*** GIVEN ENTRIES ***

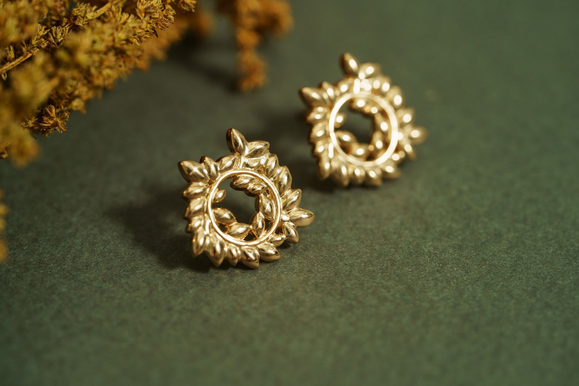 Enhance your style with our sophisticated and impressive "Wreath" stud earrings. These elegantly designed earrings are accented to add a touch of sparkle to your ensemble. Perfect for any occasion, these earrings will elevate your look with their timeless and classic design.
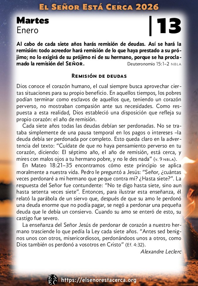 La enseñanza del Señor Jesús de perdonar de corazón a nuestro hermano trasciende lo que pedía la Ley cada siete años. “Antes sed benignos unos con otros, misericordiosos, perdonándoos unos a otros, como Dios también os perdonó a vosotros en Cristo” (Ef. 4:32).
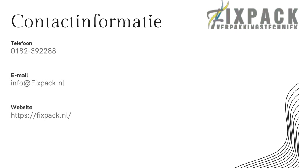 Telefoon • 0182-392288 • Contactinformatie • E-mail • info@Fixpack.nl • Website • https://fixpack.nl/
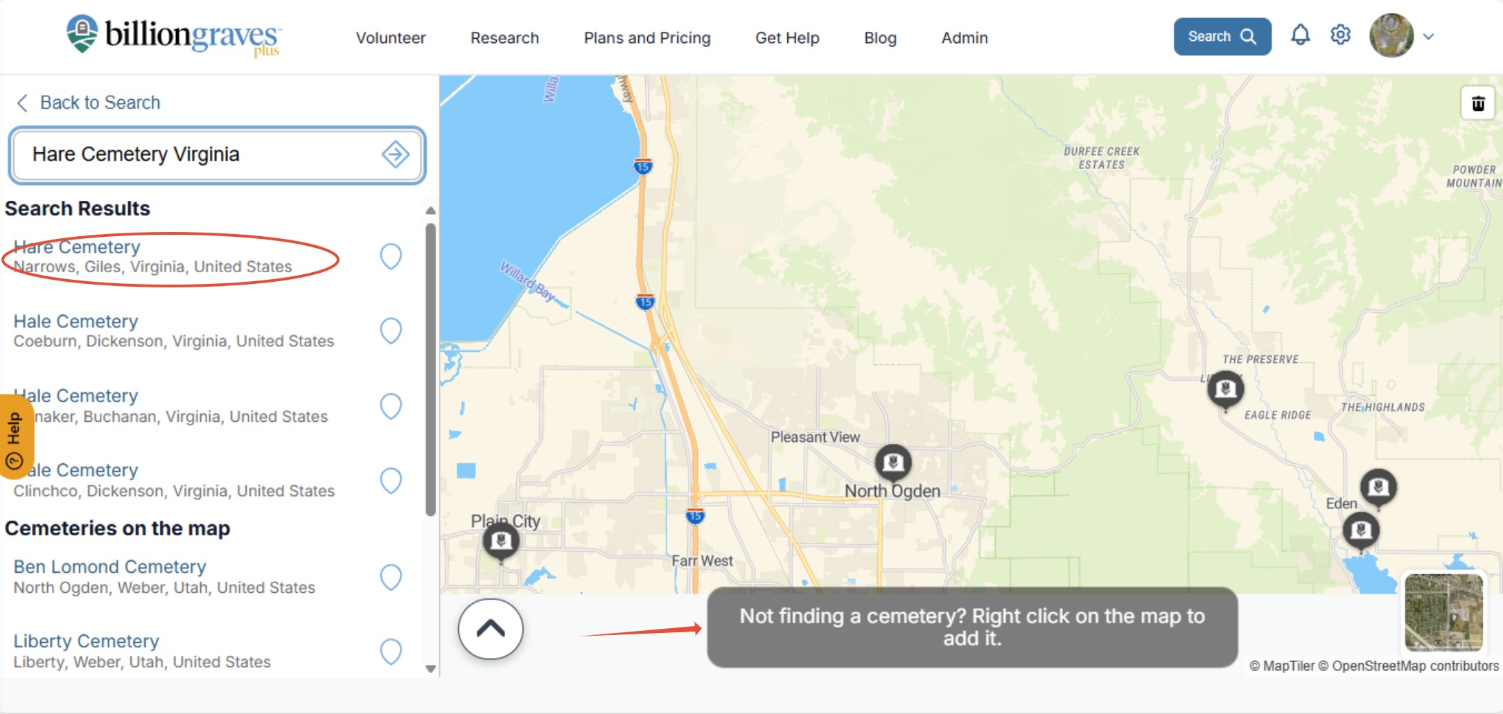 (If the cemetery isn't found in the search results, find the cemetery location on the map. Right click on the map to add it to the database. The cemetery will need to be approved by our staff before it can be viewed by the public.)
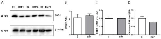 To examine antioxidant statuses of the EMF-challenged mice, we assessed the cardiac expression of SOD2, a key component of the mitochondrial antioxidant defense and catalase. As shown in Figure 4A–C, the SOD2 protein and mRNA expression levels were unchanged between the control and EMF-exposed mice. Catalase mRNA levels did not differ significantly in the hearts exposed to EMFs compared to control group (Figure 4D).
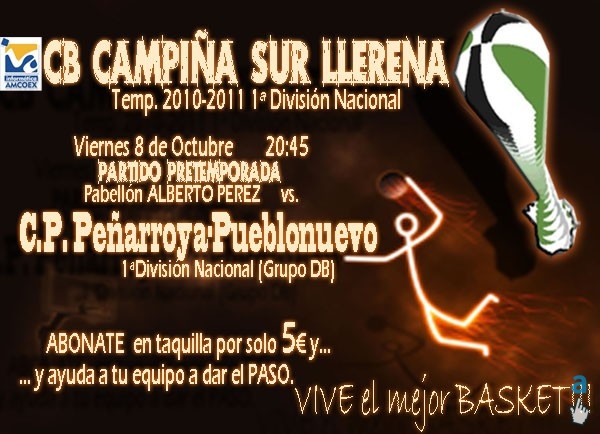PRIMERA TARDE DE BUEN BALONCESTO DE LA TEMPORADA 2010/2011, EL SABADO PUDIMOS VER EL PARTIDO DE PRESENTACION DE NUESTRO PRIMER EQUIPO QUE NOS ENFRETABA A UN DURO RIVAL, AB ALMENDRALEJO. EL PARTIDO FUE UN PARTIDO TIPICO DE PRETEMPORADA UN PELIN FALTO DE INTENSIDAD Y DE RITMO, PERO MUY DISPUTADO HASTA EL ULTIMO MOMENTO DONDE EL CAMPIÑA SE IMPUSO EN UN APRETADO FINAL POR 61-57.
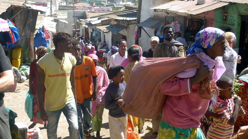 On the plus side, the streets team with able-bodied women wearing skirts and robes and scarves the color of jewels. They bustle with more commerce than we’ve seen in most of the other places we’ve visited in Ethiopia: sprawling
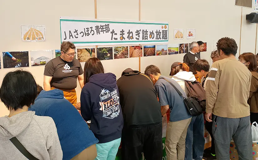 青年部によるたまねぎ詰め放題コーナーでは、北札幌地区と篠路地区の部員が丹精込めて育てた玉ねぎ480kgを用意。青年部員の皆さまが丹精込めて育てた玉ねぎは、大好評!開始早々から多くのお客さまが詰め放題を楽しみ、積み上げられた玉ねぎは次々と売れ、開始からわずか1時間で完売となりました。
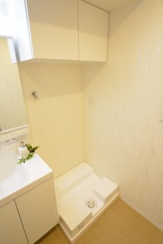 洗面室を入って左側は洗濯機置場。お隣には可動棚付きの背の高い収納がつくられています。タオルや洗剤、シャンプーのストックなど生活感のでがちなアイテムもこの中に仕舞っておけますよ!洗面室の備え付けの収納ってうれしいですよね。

*** End of GIVEN ENTRIES ***
*** GIVEN ENTRIES ***

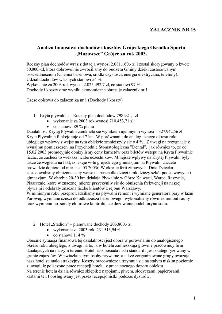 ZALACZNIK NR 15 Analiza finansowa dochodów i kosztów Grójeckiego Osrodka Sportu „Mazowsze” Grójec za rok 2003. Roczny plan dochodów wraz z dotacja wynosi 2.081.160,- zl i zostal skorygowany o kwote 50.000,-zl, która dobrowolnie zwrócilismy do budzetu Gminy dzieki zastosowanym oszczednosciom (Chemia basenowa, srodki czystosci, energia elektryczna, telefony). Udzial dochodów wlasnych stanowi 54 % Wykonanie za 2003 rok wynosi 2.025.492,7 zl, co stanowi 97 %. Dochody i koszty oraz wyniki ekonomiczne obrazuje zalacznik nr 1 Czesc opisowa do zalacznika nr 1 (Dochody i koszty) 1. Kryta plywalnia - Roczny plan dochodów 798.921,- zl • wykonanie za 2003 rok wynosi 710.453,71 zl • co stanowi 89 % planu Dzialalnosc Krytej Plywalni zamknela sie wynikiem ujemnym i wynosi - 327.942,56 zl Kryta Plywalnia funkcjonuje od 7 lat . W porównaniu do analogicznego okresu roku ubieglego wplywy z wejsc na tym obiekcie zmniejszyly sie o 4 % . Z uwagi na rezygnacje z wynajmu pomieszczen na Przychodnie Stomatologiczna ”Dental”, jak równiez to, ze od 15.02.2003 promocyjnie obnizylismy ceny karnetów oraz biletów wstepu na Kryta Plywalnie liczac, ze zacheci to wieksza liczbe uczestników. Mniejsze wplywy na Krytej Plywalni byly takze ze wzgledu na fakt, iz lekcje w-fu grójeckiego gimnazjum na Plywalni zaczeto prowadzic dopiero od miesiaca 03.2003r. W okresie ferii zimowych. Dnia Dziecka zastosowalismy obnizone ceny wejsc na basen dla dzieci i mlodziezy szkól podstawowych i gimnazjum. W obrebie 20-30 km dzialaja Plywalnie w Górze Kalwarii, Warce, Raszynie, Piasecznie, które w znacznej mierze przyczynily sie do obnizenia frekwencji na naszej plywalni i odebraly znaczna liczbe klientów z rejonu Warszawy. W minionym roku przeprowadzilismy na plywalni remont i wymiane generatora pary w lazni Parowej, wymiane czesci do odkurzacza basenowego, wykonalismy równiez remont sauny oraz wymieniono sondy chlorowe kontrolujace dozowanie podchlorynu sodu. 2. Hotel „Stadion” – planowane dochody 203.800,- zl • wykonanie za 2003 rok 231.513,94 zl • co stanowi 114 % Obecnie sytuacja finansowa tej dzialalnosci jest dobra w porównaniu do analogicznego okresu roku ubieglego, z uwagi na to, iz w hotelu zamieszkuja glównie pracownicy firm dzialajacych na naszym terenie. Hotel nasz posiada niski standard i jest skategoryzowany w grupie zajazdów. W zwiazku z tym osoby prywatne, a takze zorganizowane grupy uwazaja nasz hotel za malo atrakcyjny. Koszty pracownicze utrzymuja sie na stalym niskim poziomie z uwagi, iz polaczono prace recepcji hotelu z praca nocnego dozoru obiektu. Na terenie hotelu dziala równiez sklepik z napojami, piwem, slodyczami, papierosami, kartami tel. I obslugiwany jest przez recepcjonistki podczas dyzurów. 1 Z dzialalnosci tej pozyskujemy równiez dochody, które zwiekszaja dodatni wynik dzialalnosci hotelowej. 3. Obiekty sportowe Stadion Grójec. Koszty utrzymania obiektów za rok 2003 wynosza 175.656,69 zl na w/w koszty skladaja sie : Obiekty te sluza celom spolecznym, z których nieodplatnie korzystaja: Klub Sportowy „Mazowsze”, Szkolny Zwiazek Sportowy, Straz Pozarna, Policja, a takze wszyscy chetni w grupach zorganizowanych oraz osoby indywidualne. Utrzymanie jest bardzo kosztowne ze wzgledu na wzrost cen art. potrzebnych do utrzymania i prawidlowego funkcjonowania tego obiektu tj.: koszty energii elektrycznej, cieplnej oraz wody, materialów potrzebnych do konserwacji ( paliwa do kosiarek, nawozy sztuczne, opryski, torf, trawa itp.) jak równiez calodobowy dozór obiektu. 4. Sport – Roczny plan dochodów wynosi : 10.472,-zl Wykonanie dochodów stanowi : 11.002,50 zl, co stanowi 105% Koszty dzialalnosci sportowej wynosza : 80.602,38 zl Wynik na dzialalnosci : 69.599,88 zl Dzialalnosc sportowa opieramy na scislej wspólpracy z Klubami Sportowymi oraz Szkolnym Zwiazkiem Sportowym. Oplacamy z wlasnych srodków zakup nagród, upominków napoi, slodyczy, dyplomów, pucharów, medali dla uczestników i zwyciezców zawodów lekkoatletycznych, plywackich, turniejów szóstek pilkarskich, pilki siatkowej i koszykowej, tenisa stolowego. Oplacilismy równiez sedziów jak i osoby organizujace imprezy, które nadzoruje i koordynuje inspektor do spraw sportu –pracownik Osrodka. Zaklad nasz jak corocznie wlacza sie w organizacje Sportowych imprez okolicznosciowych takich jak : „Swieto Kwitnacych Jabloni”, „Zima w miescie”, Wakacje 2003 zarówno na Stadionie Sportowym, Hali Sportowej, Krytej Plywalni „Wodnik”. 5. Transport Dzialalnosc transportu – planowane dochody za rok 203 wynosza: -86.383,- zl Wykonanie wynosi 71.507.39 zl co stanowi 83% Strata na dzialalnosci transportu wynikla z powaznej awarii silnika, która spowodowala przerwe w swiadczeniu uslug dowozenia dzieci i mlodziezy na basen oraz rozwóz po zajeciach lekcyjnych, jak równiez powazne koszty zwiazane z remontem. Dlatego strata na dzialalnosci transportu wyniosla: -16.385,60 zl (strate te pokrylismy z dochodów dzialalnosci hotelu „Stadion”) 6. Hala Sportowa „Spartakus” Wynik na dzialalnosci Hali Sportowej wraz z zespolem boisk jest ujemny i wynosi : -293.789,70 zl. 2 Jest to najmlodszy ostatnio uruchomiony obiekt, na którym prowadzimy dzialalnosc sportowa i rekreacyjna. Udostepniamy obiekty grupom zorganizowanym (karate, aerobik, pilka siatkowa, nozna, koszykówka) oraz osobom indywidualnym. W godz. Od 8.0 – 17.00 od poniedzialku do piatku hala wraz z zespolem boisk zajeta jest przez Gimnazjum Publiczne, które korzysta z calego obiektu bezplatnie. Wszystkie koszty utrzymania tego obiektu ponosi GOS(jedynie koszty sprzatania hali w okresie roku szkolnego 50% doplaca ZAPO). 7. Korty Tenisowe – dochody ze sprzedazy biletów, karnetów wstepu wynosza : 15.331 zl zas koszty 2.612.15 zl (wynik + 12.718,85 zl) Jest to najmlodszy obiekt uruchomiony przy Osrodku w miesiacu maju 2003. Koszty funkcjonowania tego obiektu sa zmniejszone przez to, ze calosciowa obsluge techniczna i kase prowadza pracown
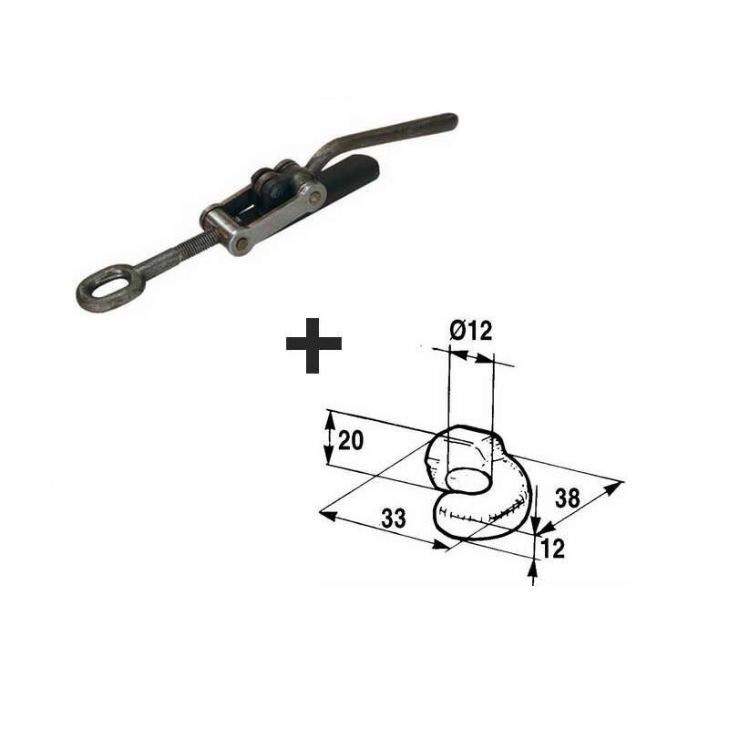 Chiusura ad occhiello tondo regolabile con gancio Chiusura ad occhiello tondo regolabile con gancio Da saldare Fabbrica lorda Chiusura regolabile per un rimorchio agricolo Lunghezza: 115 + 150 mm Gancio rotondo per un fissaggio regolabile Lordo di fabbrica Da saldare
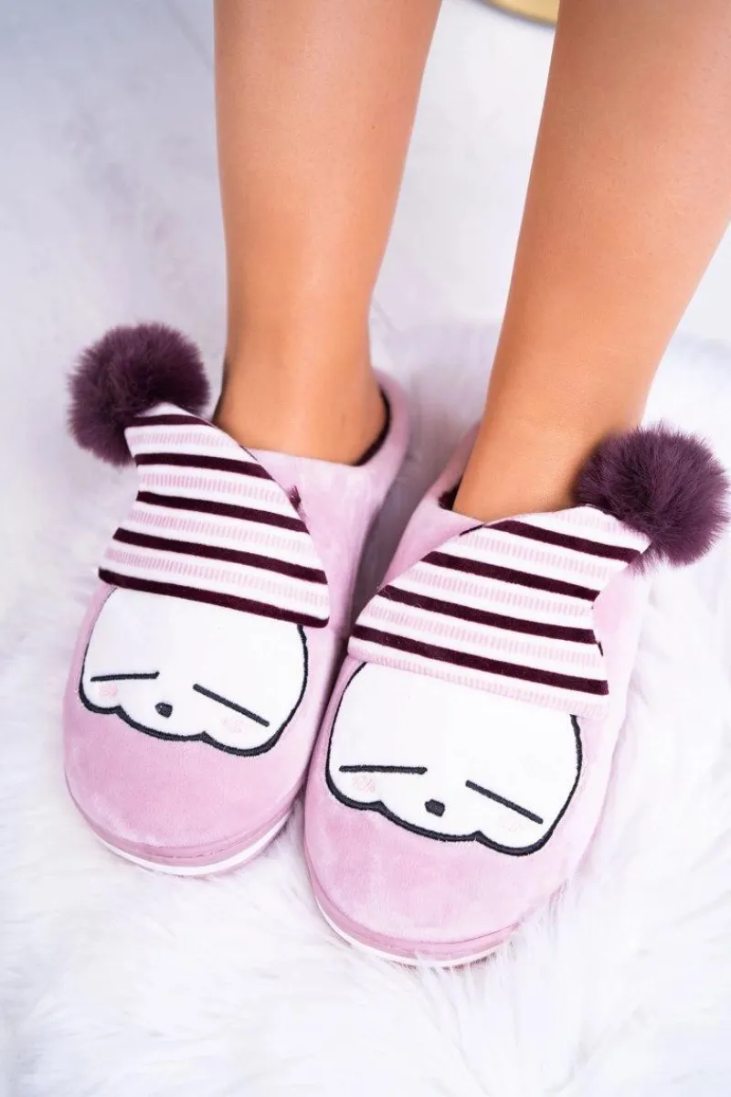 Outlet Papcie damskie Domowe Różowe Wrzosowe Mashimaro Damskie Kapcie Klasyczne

*** End of GIVEN ENTRIES ***

● TRY IT
From the listing above, repeat only the lines between the line containing "Chiusura ad occhiello tondo regolabile con gancio Chiusura" and the line containing "Outlet Papcie damskie", those two included. Pictures are not part of the copy.

● RESULT BELOW
 Chiusura ad occhiello tondo regolabile con gancio Chiusura ad occhiello tondo regolabile con gancio Da saldare Fabbrica lorda Chiusura regolabile per un rimorchio agricolo Lunghezza: 115 + 150 mm Gancio rotondo per un fissaggio regolabile Lordo di fabbrica Da saldare
 Outlet Papcie damskie Domowe Różowe Wrzosowe Mashimaro Damskie Kapcie Klasyczne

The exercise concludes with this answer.